Bigby Presents: Glory of the Giants
- Rules required: Dungeons & Dragons, 5th edition
- First published: August 15, 2023
- ISBN: 9780786968985

= Bigby Presents: Glory of the Giants =

Dungeons & Dragons fantasy role-playing game source book

Bigby Presents: Glory of the Giants is sourcebook that focuses on giants in the 5th edition of the Dungeons & Dragons fantasy role-playing game. The book adds giant themed options for players and Dungeon Masters and contains in-character marginalia by the wizard Bigby of the Greyhawk setting.

== Reception ==
Publishers Weekly listed Bigby Presents: Glory of the Giants as number six of its hardcover nonfiction list in its first week; it had sold 4,929 units.

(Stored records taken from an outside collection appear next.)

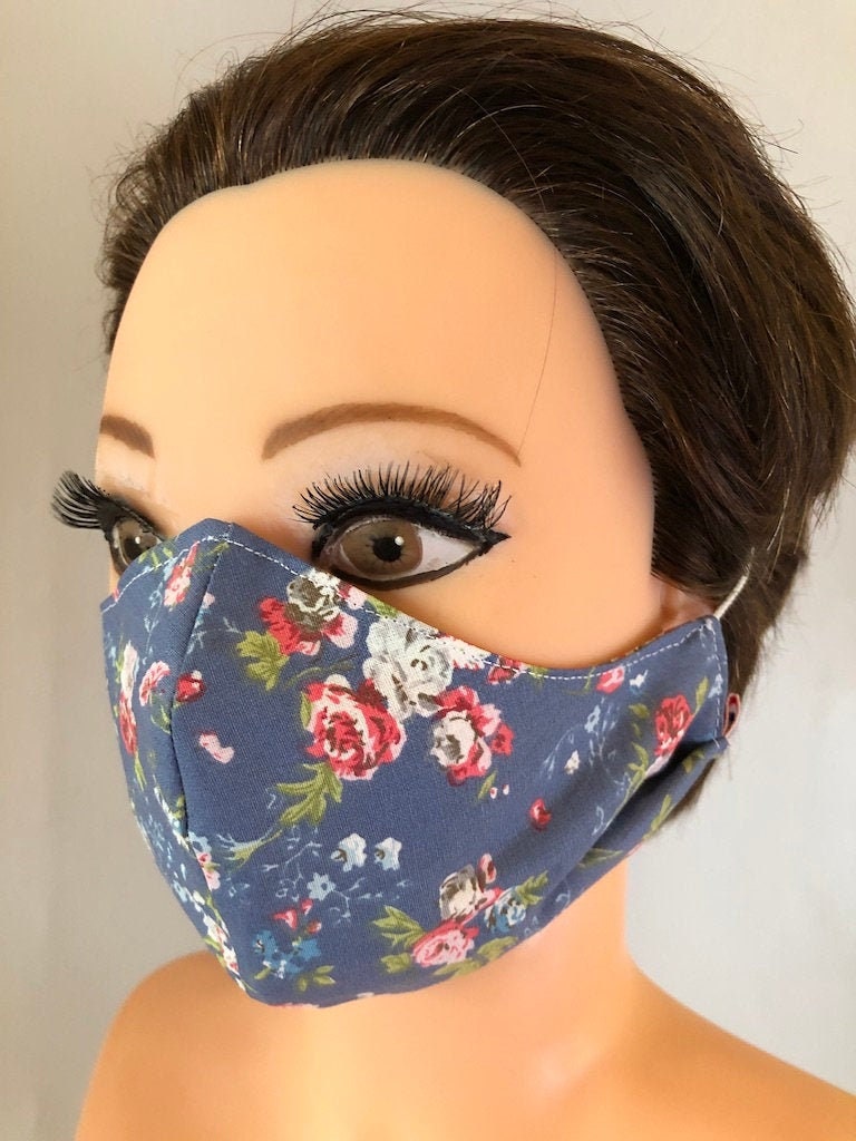Washable, Reversible Cotton Face Mask / Chemo Mask / Flu Mask / Germ Free Mask / Allergy Mask / Blue/red flowers
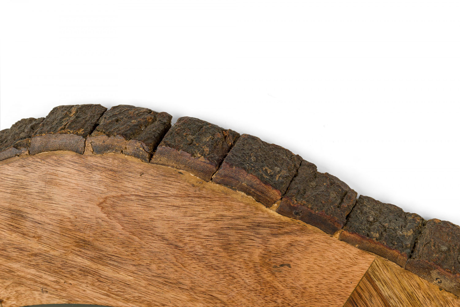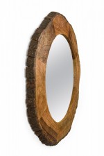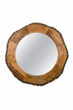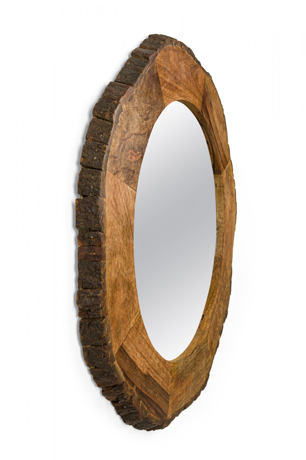 Contemporary Rustic organic circular wall mirror with a bark frame.
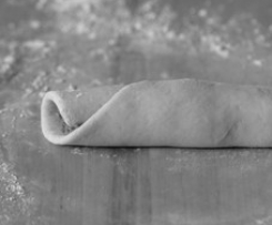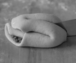 Po wyrośnięciu ciasto podzielić na 10 części.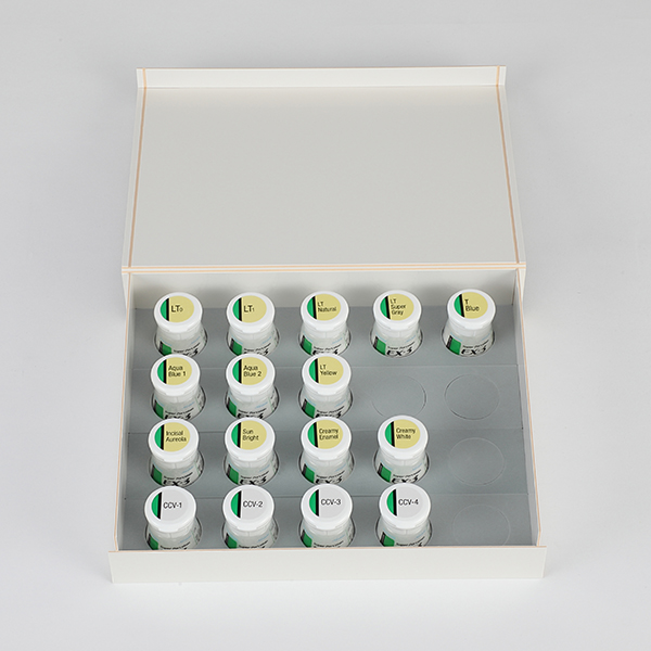Presentación: 7 colores 10 gr.: T Blue, LT0 (Luster T0), LT1 (Luster T1), Creamy Enamel, Sun Bright, Incisal Aureola, Creamy White, LT Natural, LT Yellow. Kit de Porcelana Luster para sistema EX3. Porcelana Luster (translucidos opalescentes) esta diseñada para recrear las sutiles complejidades del color y textura del esmalte natural. Debido al fino tamaño de las partículas que la componen, la porcelana Luster puede lograr un reflejo selectivo, lo cual asegura una Opalescencia que luzca como el diente natural. La Porcelana Luster Noritake exhibe un mínimo desgaste en la boca debido a partículas mas pequeñas y consistentes, dando por resultado un menor desgaste de los dientes antagonistas.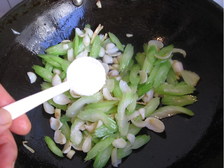 7、加盐和糖调味,下焯烫好的西芹,翻炒均匀即可出锅。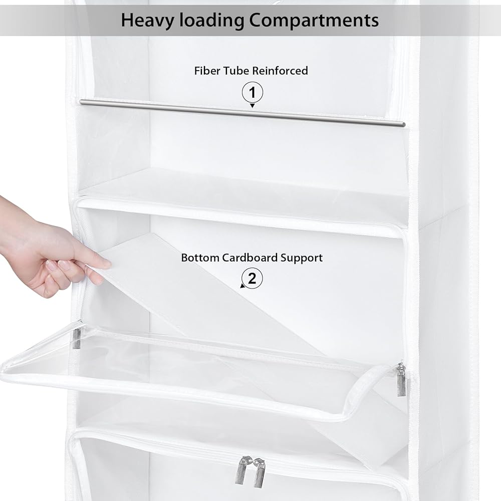 تصميم فريد مقاوم للغبار. يضم ستة جيوب فردية من السوستة ، يحمي منظم المعلق الباب عناصرك من الغبار والرطوبة. يمكنك وضع العناصر الثمينة في الداخل بثقة. بالإضافة إلى ذلك ، يساعدك التصميم الواضح تمامًا على تحديد موقع العناصر التي تحتاجها في لمحة دون فتح كل جيب.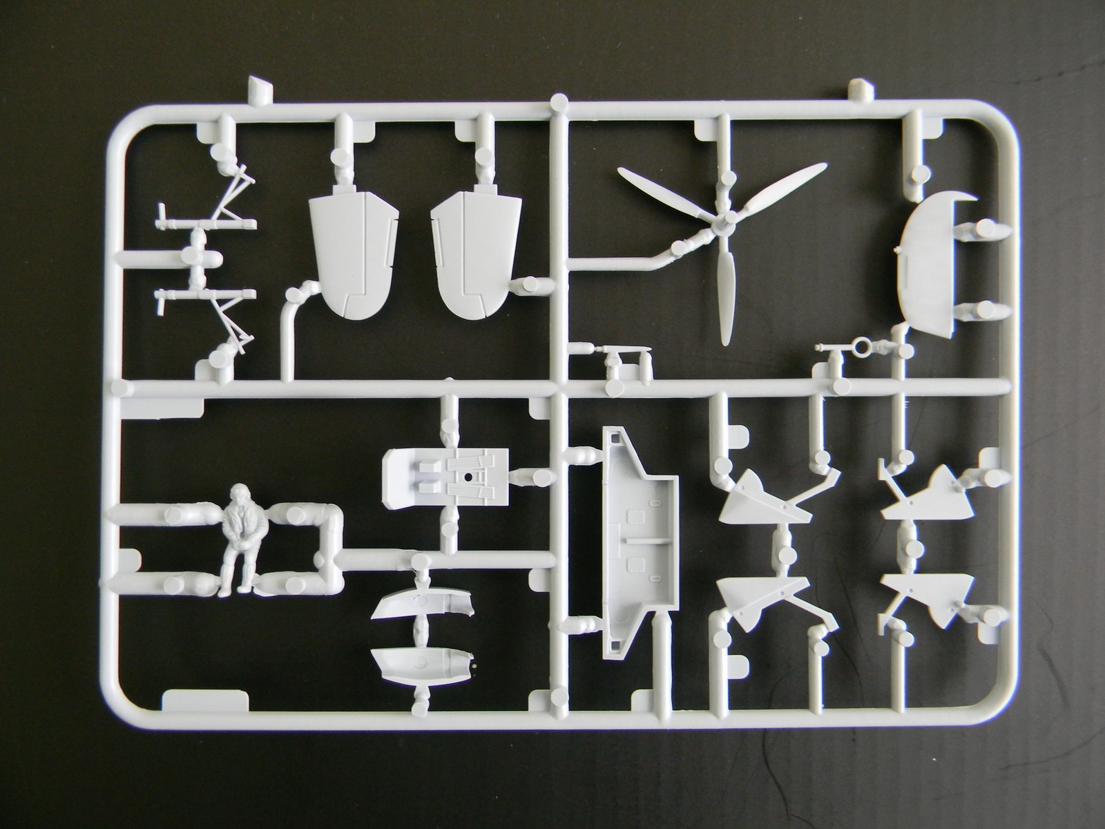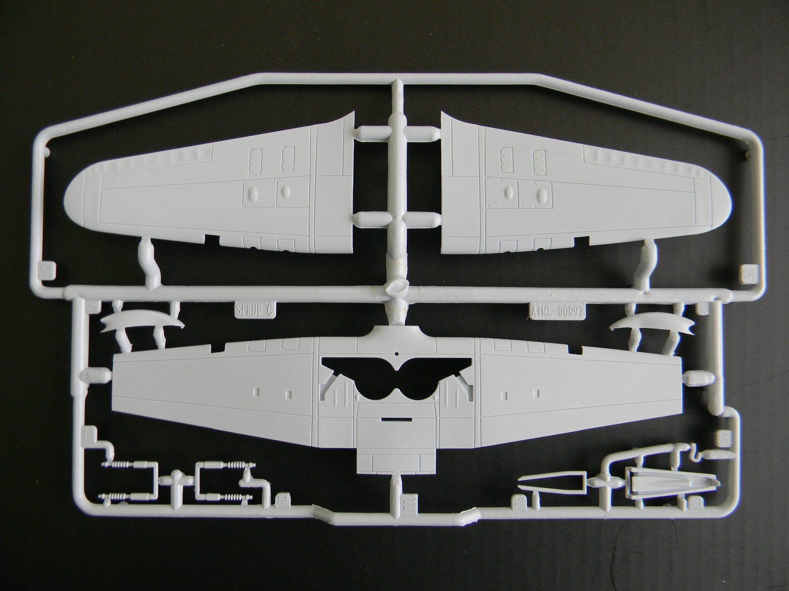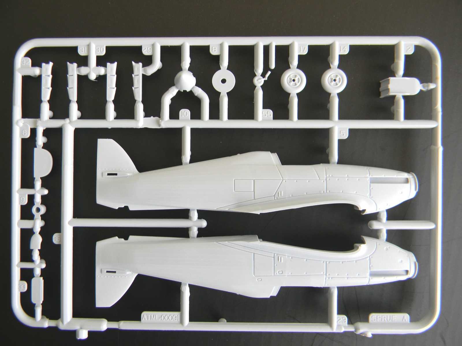 В красной коробке с верхней загрузкой лежат три литника серого пластика и один - прозрачного (фонарь). Облоя, утяжин и пр. нет, пластик относительно мягкий, обрабатывается хорошо. Шикарная декаль на три варианта, без смещения и искажения цветов. Фонарь не то, чтобы совсем тонкий, но и не толстый, как в тех же Спитфайрах. На этом достоинства заканчиваются, и начинаются недостатки.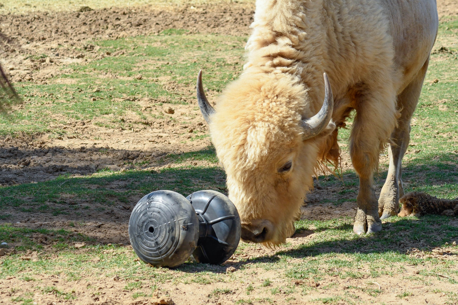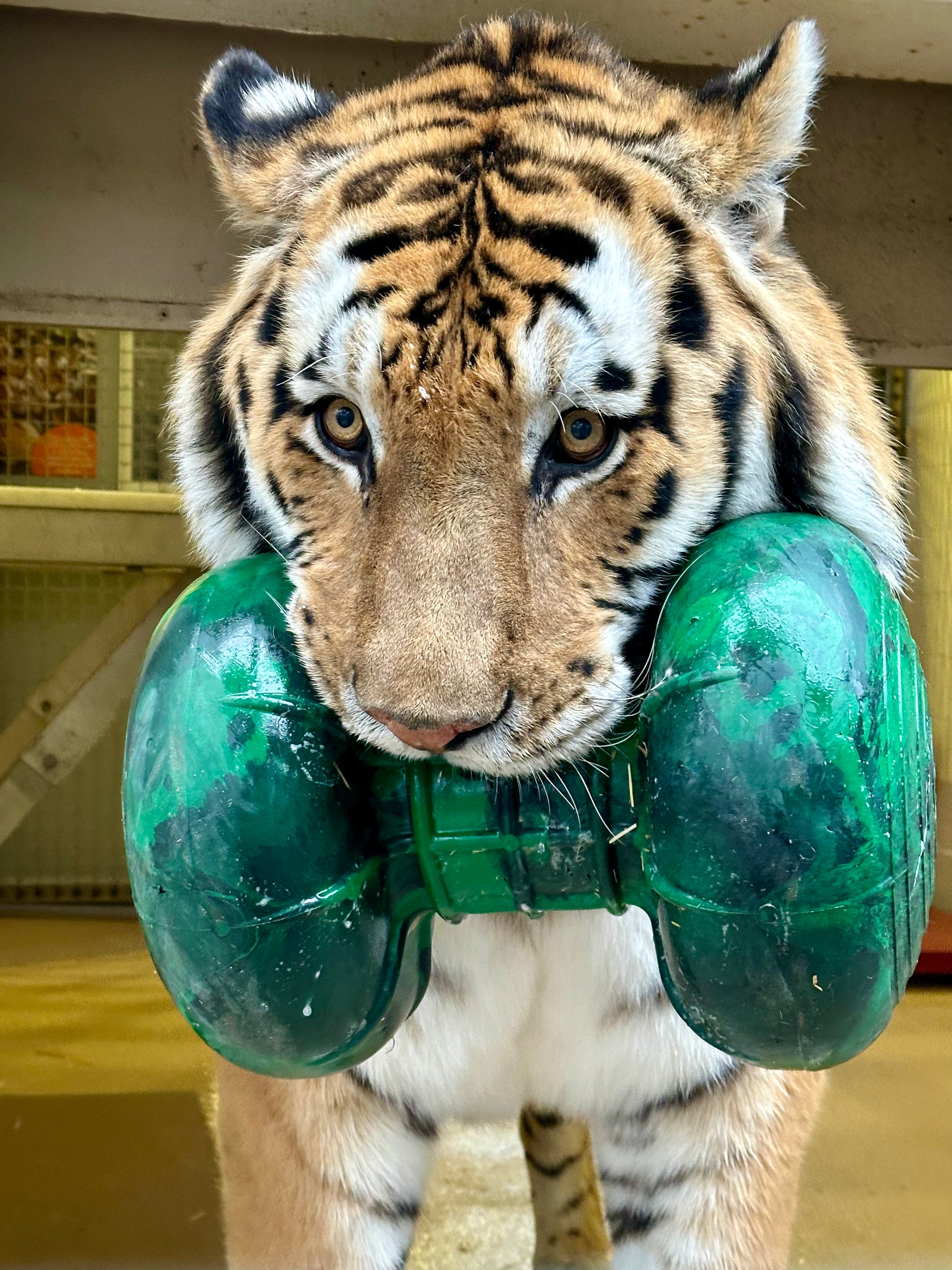 This 50lb solid roller by Pet Kore has been put the test by a variety of species including bears, elephants, dolphins, and killer whales with great results. Made from natural rubber, it is also non-abrasive, and neutrally buoyant in saltwater!

A review for Screen Rant praised the monsters, including high level challenges, and magic items, as well as roleplaying information related to giants. It criticized that it was not clear how character options were useful if combined with regular gaming options.

A review for Wargamer noted that the sourcebook features artificial intelligence visual art and that Wizards of the Coast had apologized for this use. The review praised the variety of options for the Dungeon Master, including the number of monsters and options for high level play. However, it criticized the low amount of character options compared to Fizban's Treasury of Dragons and noted its limited appeal for low level playing.